*Stored data*:
========================================================================
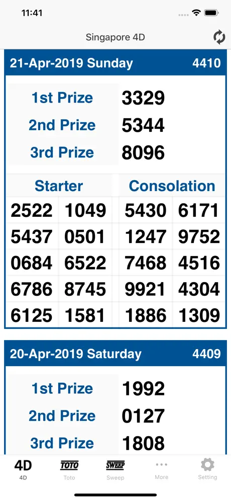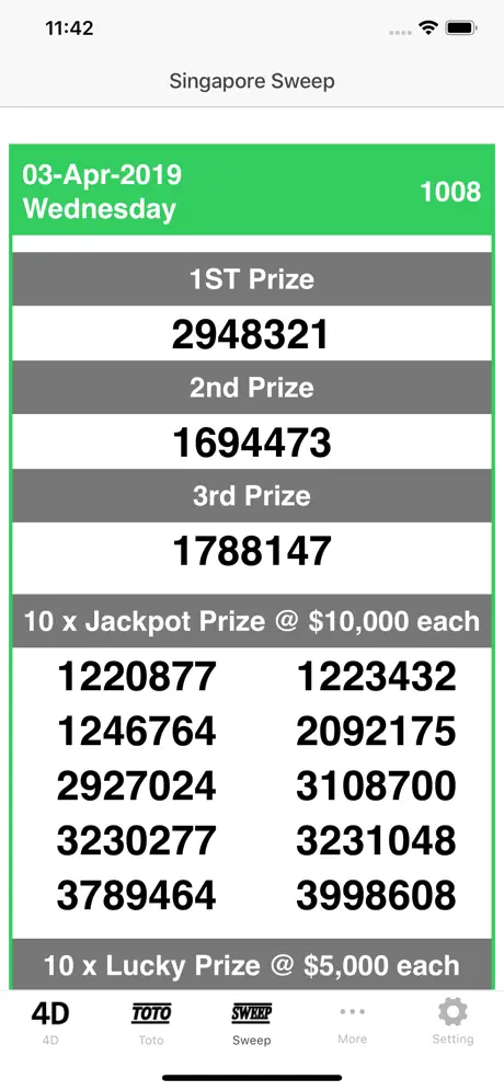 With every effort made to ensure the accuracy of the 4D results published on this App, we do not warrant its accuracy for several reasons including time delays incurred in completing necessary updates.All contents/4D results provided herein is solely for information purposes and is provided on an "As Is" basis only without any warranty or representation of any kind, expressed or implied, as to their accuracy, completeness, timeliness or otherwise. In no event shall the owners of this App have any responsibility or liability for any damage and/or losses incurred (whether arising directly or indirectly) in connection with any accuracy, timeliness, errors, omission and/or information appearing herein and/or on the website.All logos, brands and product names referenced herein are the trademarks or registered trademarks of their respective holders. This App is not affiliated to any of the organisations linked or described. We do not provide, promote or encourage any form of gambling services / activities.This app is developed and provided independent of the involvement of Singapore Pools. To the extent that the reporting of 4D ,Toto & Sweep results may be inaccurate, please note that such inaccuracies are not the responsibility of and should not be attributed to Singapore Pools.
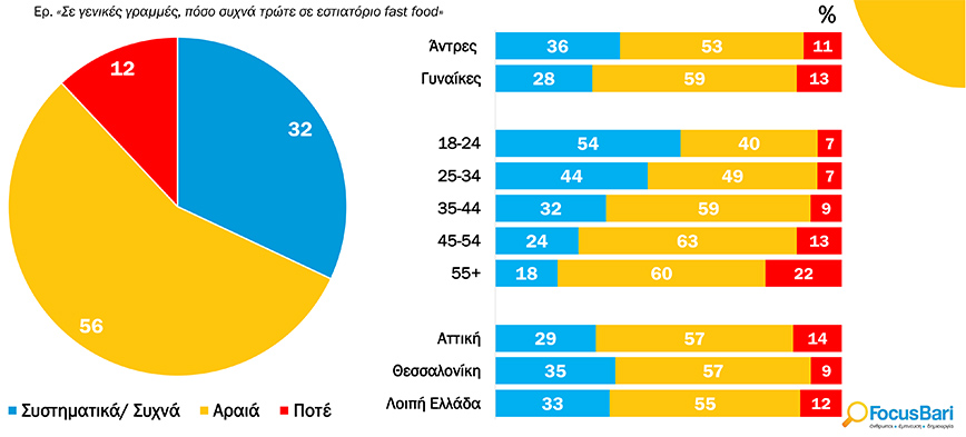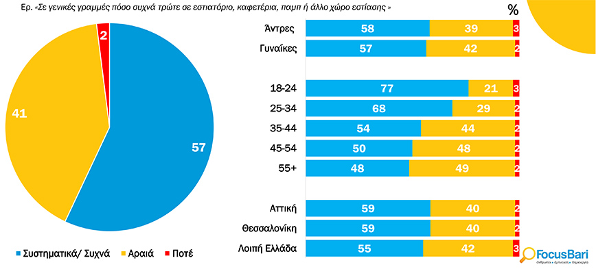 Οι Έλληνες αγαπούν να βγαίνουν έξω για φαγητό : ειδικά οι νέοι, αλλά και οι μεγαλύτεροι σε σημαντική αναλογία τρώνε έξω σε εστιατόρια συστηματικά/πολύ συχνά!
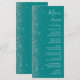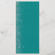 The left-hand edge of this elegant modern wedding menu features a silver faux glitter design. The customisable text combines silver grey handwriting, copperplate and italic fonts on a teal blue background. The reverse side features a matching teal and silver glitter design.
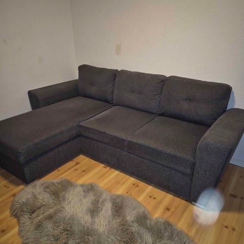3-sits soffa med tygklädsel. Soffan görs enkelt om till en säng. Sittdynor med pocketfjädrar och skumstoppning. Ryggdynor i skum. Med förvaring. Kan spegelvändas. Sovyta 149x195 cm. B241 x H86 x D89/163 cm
========================================================================
*Required action*: Your copy should hold each line above exactly and no pictures at all.

*Result for this exercise*:
 With every effort made to ensure the accuracy of the 4D results published on this App, we do not warrant its accuracy for several reasons including time delays incurred in completing necessary updates.All contents/4D results provided herein is solely for information purposes and is provided on an "As Is" basis only without any warranty or representation of any kind, expressed or implied, as to their accuracy, completeness, timeliness or otherwise. In no event shall the owners of this App have any responsibility or liability for any damage and/or losses incurred (whether arising directly or indirectly) in connection with any accuracy, timeliness, errors, omission and/or information appearing herein and/or on the website.All logos, brands and product names referenced herein are the trademarks or registered trademarks of their respective holders. This App is not affiliated to any of the organisations linked or described. We do not provide, promote or encourage any form of gambling services / activities.This app is developed and provided independent of the involvement of Singapore Pools. To the extent that the reporting of 4D ,Toto & Sweep results may be inaccurate, please note that such inaccuracies are not the responsibility of and should not be attributed to Singapore Pools.
 Οι Έλληνες αγαπούν να βγαίνουν έξω για φαγητό : ειδικά οι νέοι, αλλά και οι μεγαλύτεροι σε σημαντική αναλογία τρώνε έξω σε εστιατόρια συστηματικά/πολύ συχνά!
 The left-hand edge of this elegant modern wedding menu features a silver faux glitter design. The customisable text combines silver grey handwriting, copperplate and italic fonts on a teal blue background. The reverse side features a matching teal and silver glitter design.
3-sits soffa med tygklädsel. Soffan görs enkelt om till en säng. Sittdynor med pocketfjädrar och skumstoppning. Ryggdynor i skum. Med förvaring. Kan spegelvändas. Sovyta 149x195 cm. B241 x H86 x D89/163 cm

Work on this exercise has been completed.